Я остановился там же, где всегда, во втором по роскошеству здании в городе (и единственному, которое тоже было из бетона), в шестиместной гостинице, где я всегда оказывался единственным гостем. В моей комнате было нечто вроде кровати (старинный железный каркас и большой муслиновый мешок, наполовину заполненный хрустящими кусками сушеных пальмовых листьев, в качестве матраса), а на стене висело бамбуковое распятие – вполне вероятно, самое красивое изделие в городе. Гостиница стояла у воды, и с крыши, где я ужинал «Спамом» и кусками вареного сладкого картофеля, я смотрел, как темнеет небо, а очертания Иву’иву постепенно сливаются с ночью, растворяясь в черноте. Теперь ездить туда запрещалось под страхом смертной казни; говорили, что король уверен, будто ученые и деньги в один прекрасный день вернутся, и планирует затребовать за остров огромный выкуп.

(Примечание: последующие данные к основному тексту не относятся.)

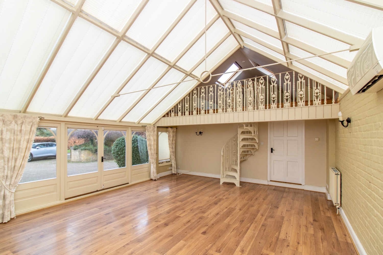 From the front door, there is a welcoming entrance hallway with doors through to the principal rooms. The modern kithchen / breakfast room has a range of painted units with granite worktops, a butler sink and a range cooker. There is ample space for a kitchen table. Double doors lead through to the impressive dining room with bay window. The sitting room, which is naturally well lit, benefits from a double aspect including a large bay window overlooking the rear garden. There is a study, downstairs shower room. an utility room. From the hall, double doors open into the delightful family room, with vaulted glass ceiling and spiral stairs up to a further reception room.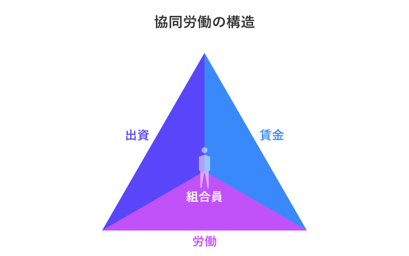 一方、労働者協同組合における労働は「協同労働」型となる。「出資」、「賃金」、「労働」は統合され、組合員が「株主」、「経営者」、「労働者」の三役をこなすことになる。これを一般的な企業の構造と比して「より民主主義的」とする評価もある。たしかに、多側面の一つとして、可能性として、そのような視点もあるだろう。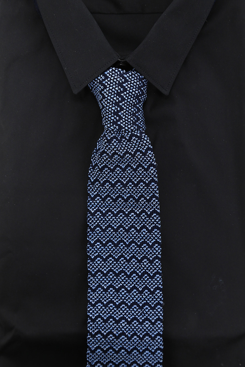 Cotton and silk blend tie. Zig-zag pattern. Width 6.5cm. Length 140cm.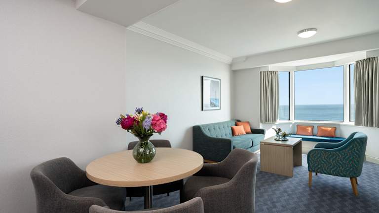 Die klimatisierten Zimmer bieten modernen Komfort mit einem Doppelbett, Queensize- oder Kingsize-Bett. Dazu gehören Annehmlichkeiten wie ein Safe, eine Minibar, ein Schreibtisch, ein Kühlschrank und eine Tee-/Kaffeemaschine. Im Badezimmer sind eine Dusche, eine Badewanne, Haartrockner und Kosmetikartikel vorhanden. Viele Zimmer bieten einen Blick auf das Meer, und es sind rollstuhlgerechte Zimmer verfügbar.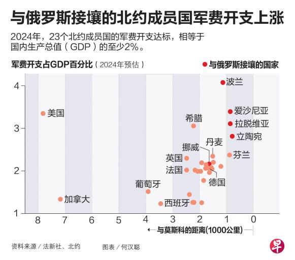 欧洲这几年也不是毫无作为。根据北约网站,在特朗普首次就任总统的2017年,北约只有四个成员国的国防预算达到北约定下的最低标准,即相当于国内生产总值(GDP)的2%。到了2024年,达标国家已有23个。当中,与俄罗斯接壤的波兰将GDP的4.12%用于国防,高于美国的3.4%。波罗的海国家爱沙尼亚和拉脱维亚的军费比率也高于3%,两国皆毗邻俄罗斯。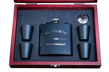 Amazon Com Will You Be My Groomsman Wooden Gift Box Flask Set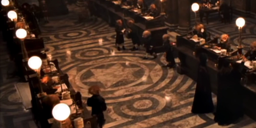 Dans ce cas précis, il faut noter que le sol est celui de la Australia House, à Londres, qui a servi de décor au premier film. Quand la banque a été reproduite en studio pour Les Reliques de la Mort, puis sur le Chemin de Traverse dans le parc Universal Studios d’Orlando, et enfin au Studio Tour de Londres, l’étoile à six branche a disparu.
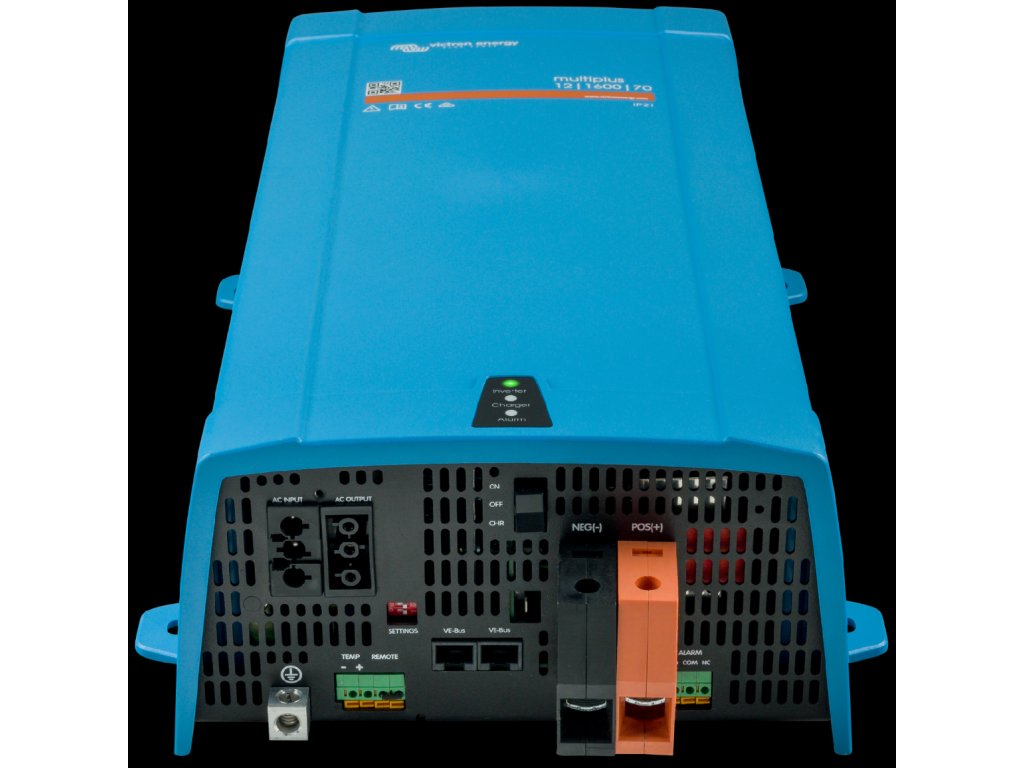 MultiPlus je výkonný sinusový měnič napětí a sofistikovaná nabíječka baterií s technologií adaptivního nabíjení a vysokorychlostní AC přepínačem. Hlavní vlastnosti:Paralelní provoz a třífázový provozPro dosažení vyššího výkonu může paralelně pracovat až šest jednotek MultiPlus. Kromě paralelního připojení lze tři jednotky nakonfigurovat pro třífázový výstup.Funkce PowerControlPomocí multifunkčního ovládacího panelu lze nastavit maximální proud generátoru nebo pobřežní přípojky, čímž se zabrání přetížení AC zdrojů.Funkce PowerAssist Tato funkce posouvá princip PowerControl na vyšší úroveň. Umožňuje MultiPlusu navýšit výkon alternativního zdroje napájení, který kompenzuje z baterie. Když se zátěž sníží, rezerva energie slouží k dobíjení baterie.Čtyřstupňová adaptivní nabíječka a duální nabíjení bateriíHlavní výstup poskytuje výkonné nabíjení bateriového systému pomocí pokročilého systému „adaptivního nabíjení“. Software jemně dolaďuje třístupňový automatický proces tak, aby vyhovoval stavu baterie a přidává čtvrtý stupeň pro dlouhé období nabíjení float. Kromě toho bude MultiPlus nabíjet druhou baterii pomocí nezávislého výstupu udržovacího nabíjení určeného pro startovací baterii hlavního motoru nebo generátoru (pouze 12 a 24V model).Vysoký startovací výkonPotřebné pro spuštění vysokých náběhových zátěží, jako jsou výkonové měniče pro LED žárovky, halogenové žárovky nebo elektrické nářadí.Režim „Search“Když je režim „Search“ zapnutý, spotřeba energie měniče v provozu naprázdno se sníží o cca 70 %. V tomto režimu se MultiPlus při provozu v invertorovém režimu vypne v případě žádného nebo velmi nízkého zatížení a zapne se každé dvě sekundy na krátkou dobu. Pokud výstupní proud překročí nastavenou úroveň, střídač bude pokračovat v provozu, pokud ne, opět se vypne.Programovatelné reléVe výchozím nastavení je programovatelné relé nastaveno jako relé alarmu, to znamená, že relé přestane být napájeno v případě alarmu nebo předběžného alarmu (střídač je přehřátý, příliš vysoké zvlnění na vstupu, napětí baterie je příliš nízké apod.).Dálkové zapnutí / vypnutí / zapnutí nabíječkyTřípólový konektor.Konfigurace, monitorování a řízení systému na místěPo instalaci je MultiPlus připraven k použití.Některá nastavení lze změnit pomocí DIP přepínačů.Modely 500/800/1200 VA: dálkový spínač / nabíjecí napětí baterie / frekvence měniče / režim „Search“.Modely 1600/2000 VA: nabíjecí napětí baterie / režim „Search“.Pro více nastavení použijte VE-Config nebo VE.Bus Smart dongle.Vzdálená konfigurace a monitorováníNainstalujte Cerbo GX nebo jiné GX zařízení pro připojení k internetu. Provozní data lze bezplatně ukládat a zobrazovat na webových stránkách VRM (Victron Remote Management).Po připojení k internetu lze k systémům přistupovat vzdáleně a měnit nastavení.Technické parametry: výstupní napětí: 230 VAC ± 2 %, frekvence: 50 Hz ± 0,1 % vstupní napětí: 187-265 VAC, frekvence: 45 – 65 Hz trvalý výkon při 25ºC: 1600 VA / 1300 W špičkový výkon: 2800 W max. účinnost: 93% vlastní spotřeba: max. 10 W vlastní spotřeba v „Search“ modu: 3 W rozpětí provozních teplot: -40 do +65 °C (s možností nuceného chlazení ventilátorem) vlhkost (nekondenzující): max. 95% hmotnost: 10,2 kg rozměr: 470 x 265 x 120 mmNa produkty Victron Energy poskytuje výrobce záruku 5 let.

Пока же он оставался собственностью любого правительства, которое платило королю требуемую сумму за пользование. Но доносились до меня и иные слухи: что на далеком конце Иву’иву есть группа ученых (откуда – никто не знал), которые обыскивают подводные пещеры острова в надежде найти выживших опа’иву’экэ, или что король использует остров как колонию-поселение, где наказанные будут доживать свои дни почти в полной изоляции. А иногда я думал: «И Таллент там», – и представлял себе, как, обратив лицо к солнцу, он поднимается вверх сквозь туман из ажурно-кремовых мотыльков.